Давным-давно у него были родители. Как бы ни пытались тетя с дядей доказать ему обратное, как бы ни кричали, что отец его погиб на фронте, а мать умерла при родах, он все равно остался при своем мнении: родителей он помнит. И отец его вряд ли служил в кавалерии, потому что он помнит его сутулым, худым и очень неловким. Вечно он что-нибудь ронял, терял или разбивал. И мать его умерла не в тот самый момент, когда он родился. Иначе откуда же ему было знать, что пахла она замечательным розовым мылом, а волосы ее были как шелк. Это ведь совершенно точно была не его тетя — вечно пахнущая кислой капустой, и не его сводная сестра с высокомерным взглядом. Если его родители умерли, едва он появился на свет, почему же тогда ему снится один и тот же сон: большой буфет с резными дверцами и большой портрет старика с окладистой бородой в черном одеянии.

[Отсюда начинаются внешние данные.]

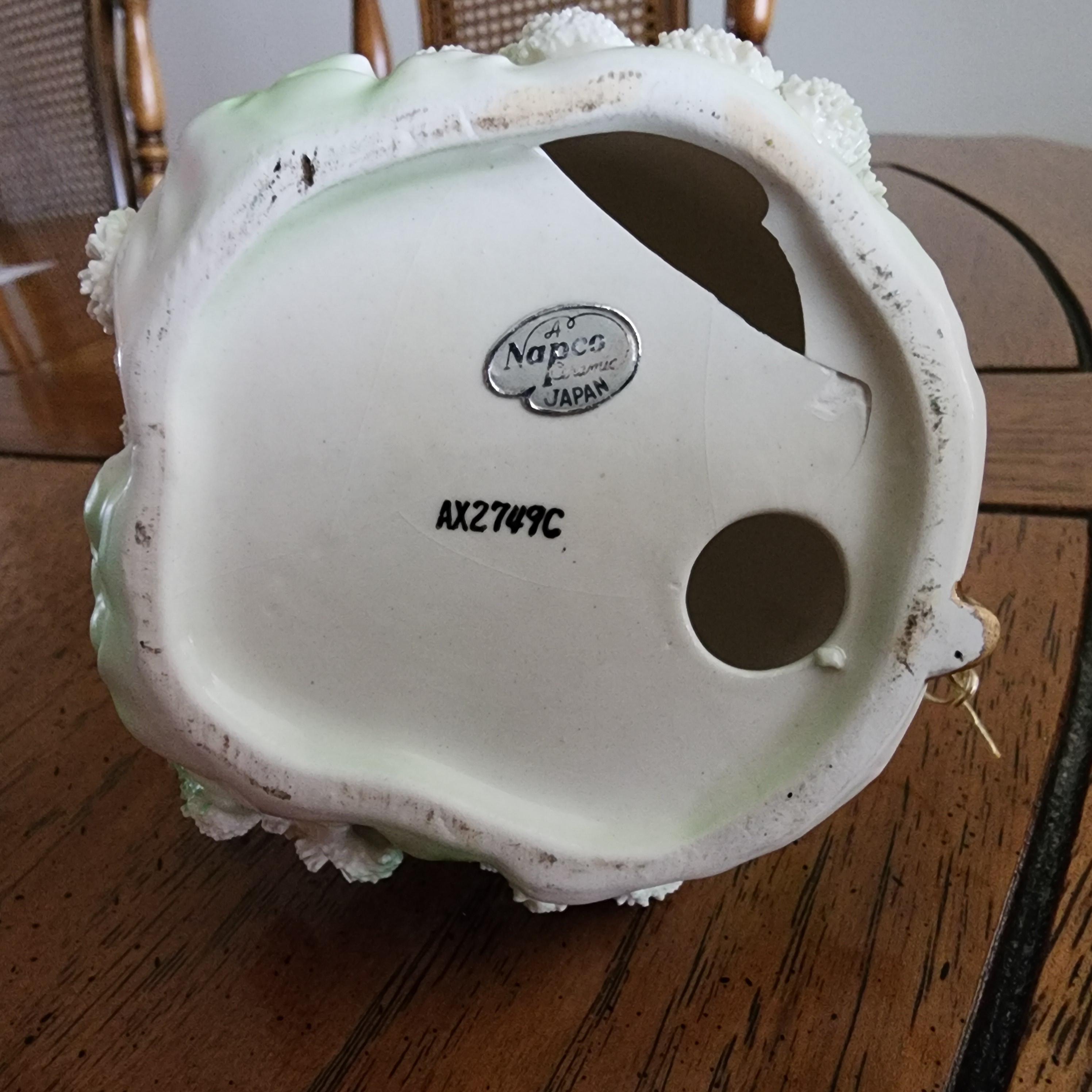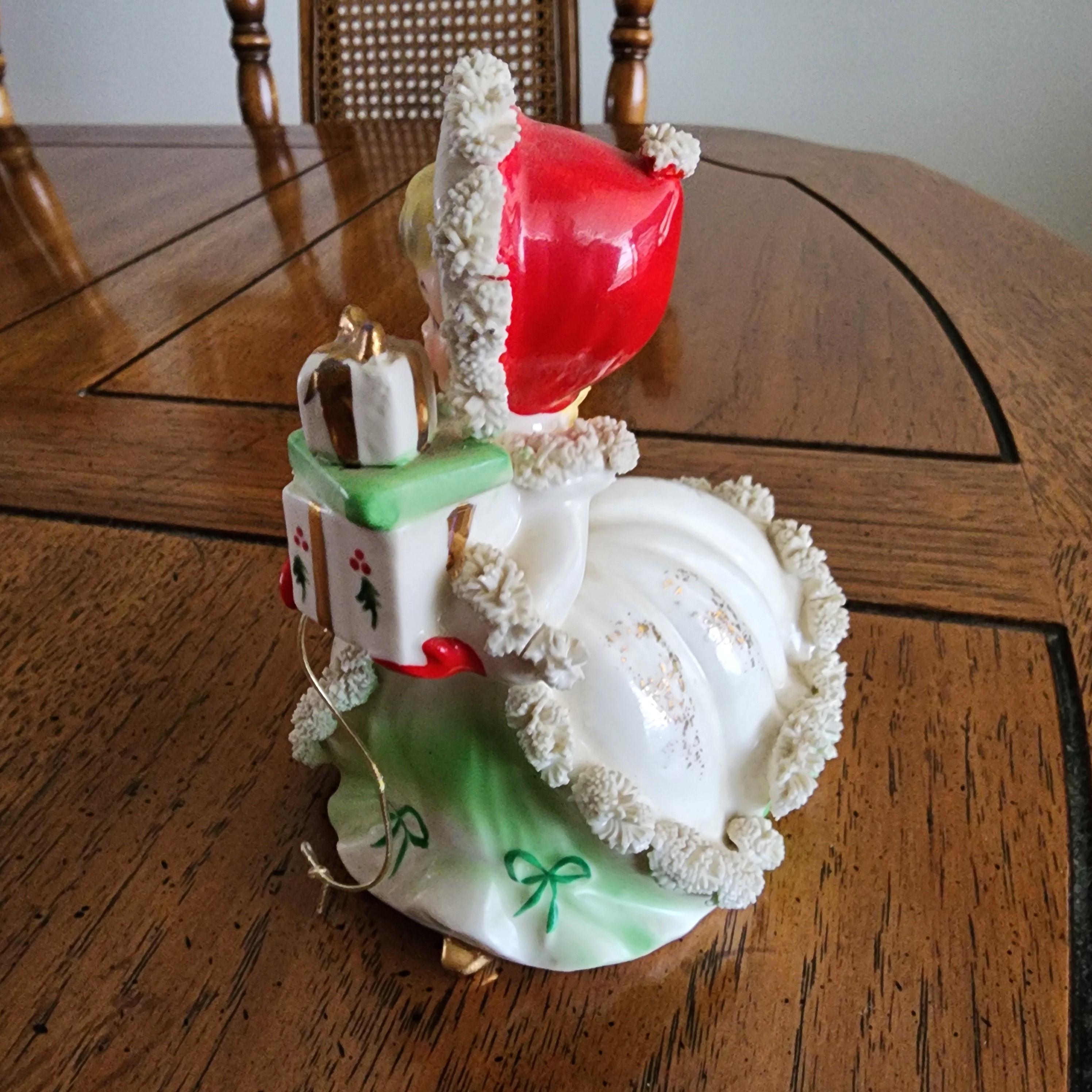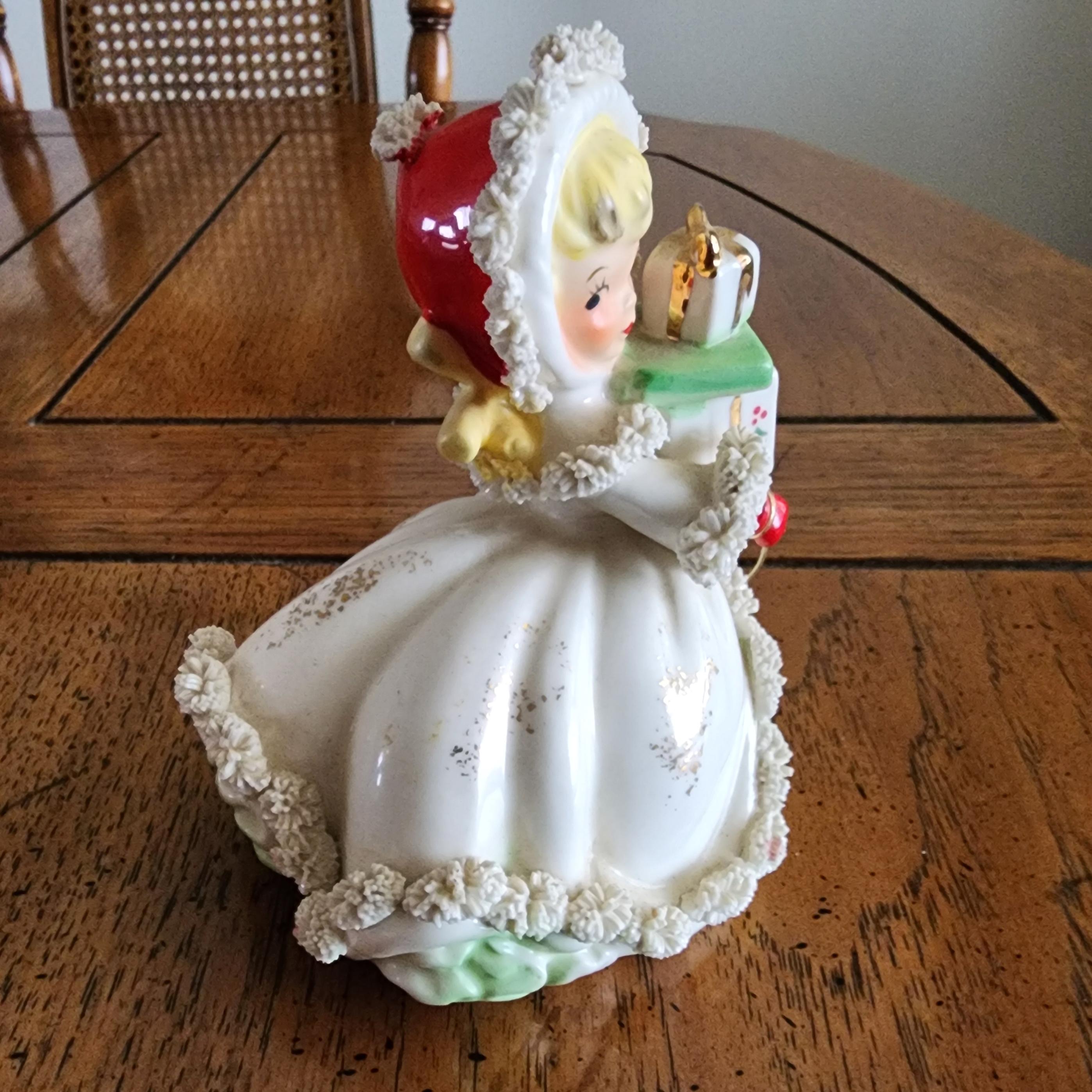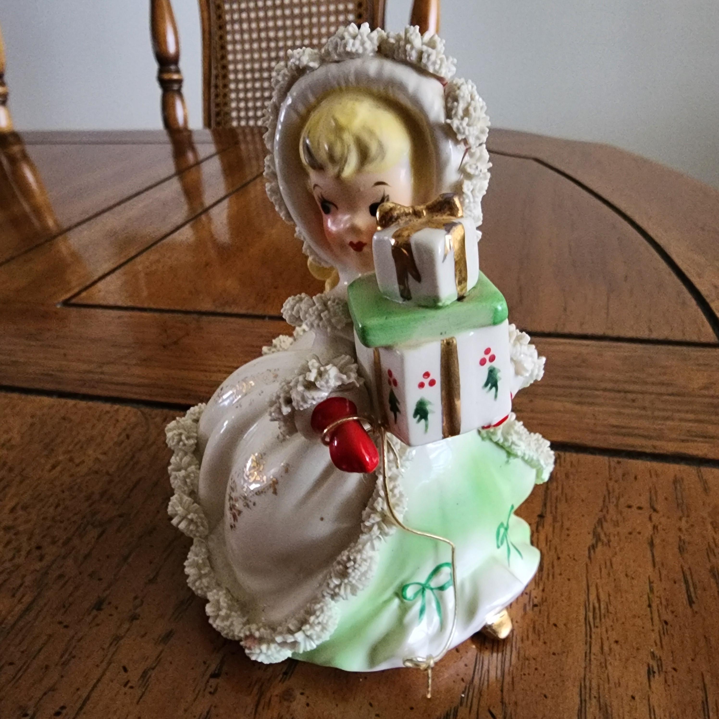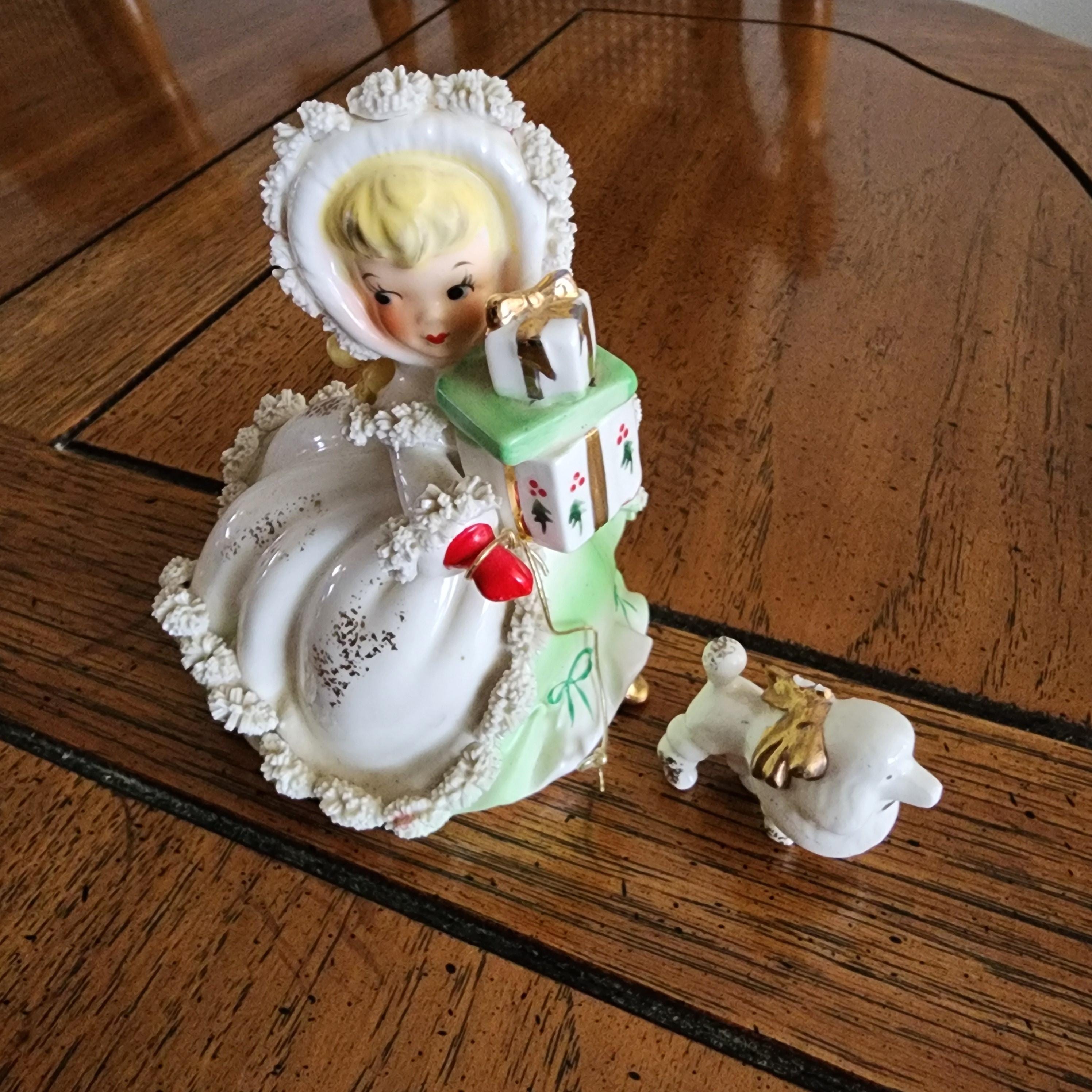 This is a vintage 1950s Napco figurine of a girl in a white fur trimmed coat holding wrapped Christmass present in one hand and a leash for her poodle dog in the other. The Napco Ceramic Japan sticker is on the bottom.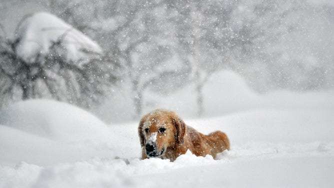 BUFFALO, NY - NOVEMBER 20: Sydney, a six year old Golden retriever, makes her way through five feet of snow from a driveway on November 20, 2014 in the suburb of Lakeview, Buffalo, New York. The record setting Lake effect snowstorm dumped up to six feet of snow in less than 24 hours closing a one hundred mile section of The New York State Thruway as well as other major roads around Buffalo. Seven deaths have already been attributed to the storm and a second round beginning late Wednesday evening will bring up to three more feet of snow overnight and into Thursday. (Photo by John Normile/Getty Images)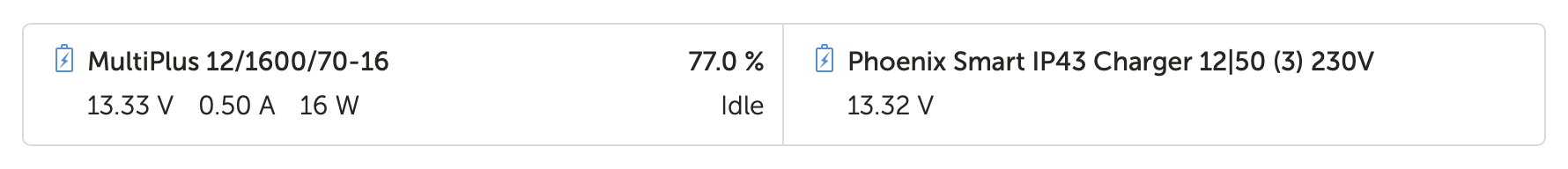 Dla każdego ze skonfigurowanych akumulatorów portal VRM wyświetli jego nazwę, napięcie, natężenie prądu i poziom naładowania.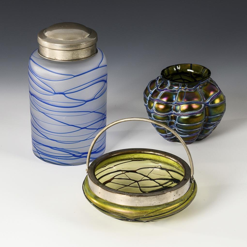 1x cylindrical tea caddy made of colorless, frosted glass with blue thread net and metal mounting (H 15 cm). / 1x ELISABETH: six-pass baluster vase made of green glass with blue thread net, iridescent (H 8 cm). / 1x flat bowl made of green glass with red thread net and metal mounting (Ø 12 cm).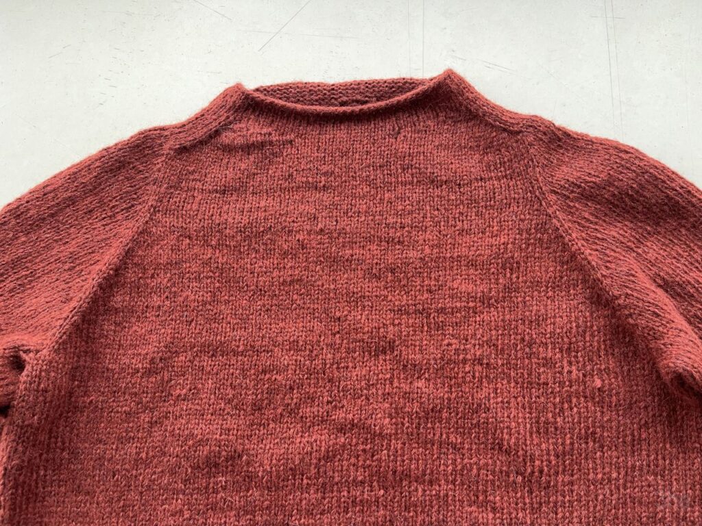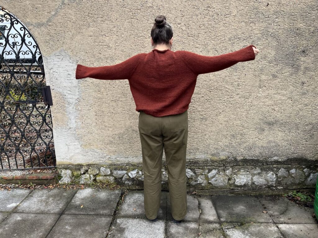 Was mir sehr gut gefällt ist die Schulterpartie, die dann in eine Raglanlinie übergeht. Die verkürzten Reihen am Halsausschnitt beulen an einer Seite etwas, da würde vermutlich Anfeuchten und Spannen, das ich mir bisher gespart habe, etwas Abhilfe schaffen.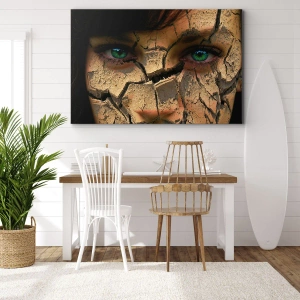 Bild auf Leinwand - Leinwandbild - Das Gesicht einer Frau mit grünen Augen, bedeckt mit einer rissigen Erdstruktur - 70x50cm - Freude und Grauen zugleich - Moderne Wanddekoration für Wohnzimmer und Schlafzimmer ARTTOR
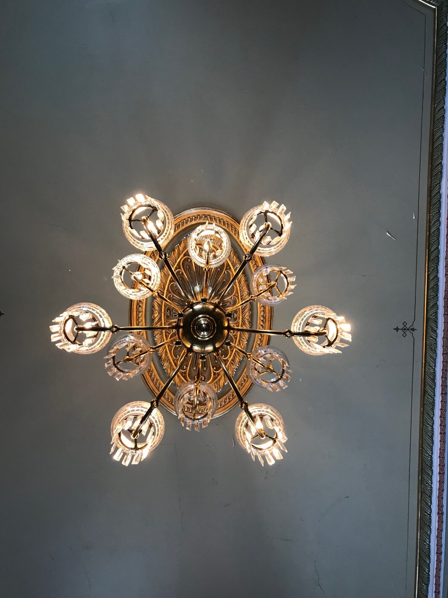 The gasolier was sent to David Jenks, antique lighting conservator in Syracuse, NY. He attributed the 1875 neo-classically designed, 12 branch, gold plated brass fixture to Mitchell, Vance, and Company, 597 Broadway, NYC. This company was one of the foremost lighting manufacturers for that time. The conservator selectively cleaned the gold-plated brass fixture and cast missing decorative balls. It was then completely rewired in a way that resembles gas fittings. Appropriate shade rings and a set of twelve etched antique shades were found and attached. The 144 crystal prisms are old stock imported from Czechoslovakia.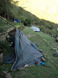 En esa extraña separación del grupo inicial, además de quedarnos durante una noche sin los palos de la carpa hubo otra terrible confusión que todavía no consigo entender, por mucho que me lo expliquen. Pero bueno, eso es un detalle menor a estas alturas: el caso es que nuestros compañeros olvidaron el techo de una de las tiendas de campaña en lo más alto del camino, es decir a 30 kilómetros de cualquier punto civilizado, más cuatro horas de buses y taxis desde Cusco, dónde nos encontrábamos.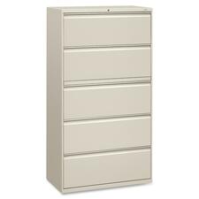 Five-drawer lateral file offers clean lines, reinforced case construction, dual side locks for security, and full-width, designer-style handles. Baked enamel finish over rust-inhibiting, phosphate pretreatment adds more durability. Three-part, telescoping, ball-bearing suspension delivers smooth drawer operation. Light gray lateral file includes four fixed drawers, and the top drawer is a roll-out shelf with a receding flipper door. Ideal for binders, end-tab files, standing files or supplies. Drawers accommodate letter-size or legal-size folders from side-to-side with included adjustable hangrails. Drawers are flush at the top and sides and feature drawer-extension restraint. Mechanical interlock allows only one drawer to open at a time. Lateral file also offers four adjustable leveling guides for stabilizing and HON One Key interchangeable, core-removable lock. Lock mechanism secures both sides of drawers.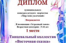 Дом детского творчества г. Лениногорска организовал муниципальный конкурс детского творчества "Мир моих увлечений", в котором приняли участие танцевальные и вокальныеколлективы нашего детского сада. Так, танцевальный коллектив "Восточная сказка" (группа "Лучики", руководитель Веневитина Е.А.)) стали победителем в номинации "Хореография". А вокальный ансамбль "Хрустальный голосок" (сборная возрастных групп, рук. Артемьева Г.А.) стал победителем в номинации "Вокал". Танцевальные коллективы "Энергия" (черлидинг, группа "Сказка, рук. Веневитина Е.А.) и "Калинка" (группа "Любознайки", рук. Тихонова Т.А., Липатова А.В.) стали призёрами и заняли 3 место. Поздравляем всех с успешным выступлением и отличными результатами в муниципальном конкурсе! -
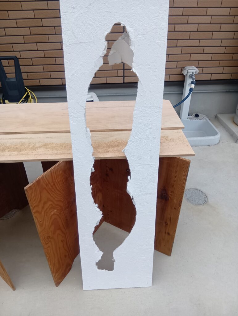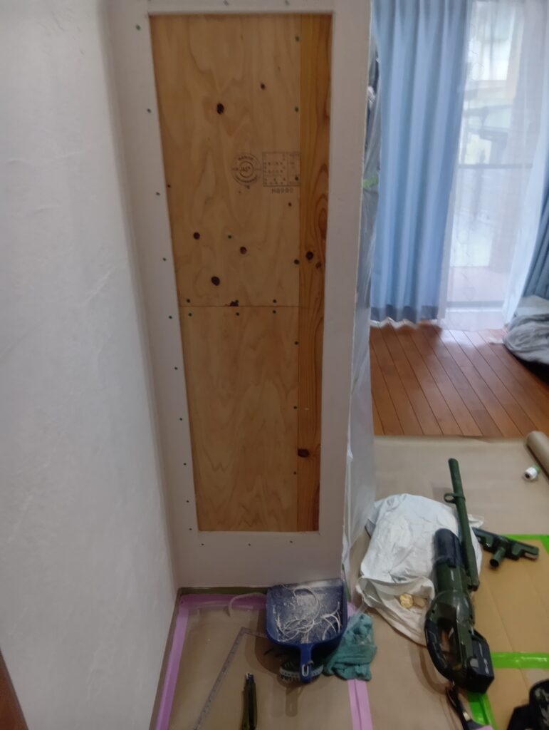 切り取った壁に合わせて、石膏ボードを切り合わせて貼ります。

А рядом — большой золоченый крест. Мужчина — тот самый, нескладный (Даня привык думать, что именно он и есть его отец), держит в руках граненый стакан и утирает кулаком слезы, когда смотрит на портрет. Женщина — его душистая мать — гладит мужчину по плечу и тоже плачет. Она говорит что-то вроде: «Ведь твой отец венчал нас…» А мужчина, словно не услышав, — о своем: «Они убили его! Убили!» Женщина: «Не кричи так громко, соседи услышат». «Пусть слышат, безбожники. Святого человека убили!» Тогда Даня подходит к отцу и спрашивает испуганно: «Кого убили?» А тот сгребает его на колени и тычет в портрет: «Деда твоего застрелил красный матрос! Запомни, сынок! Святого человека…» И вот уже Даня плывет по воздуху. Это мама отняла его у отца и сажает к себе на колени. «Ты испугаешь ребенка, — говорит она. — Соседи услышат, прекрати!»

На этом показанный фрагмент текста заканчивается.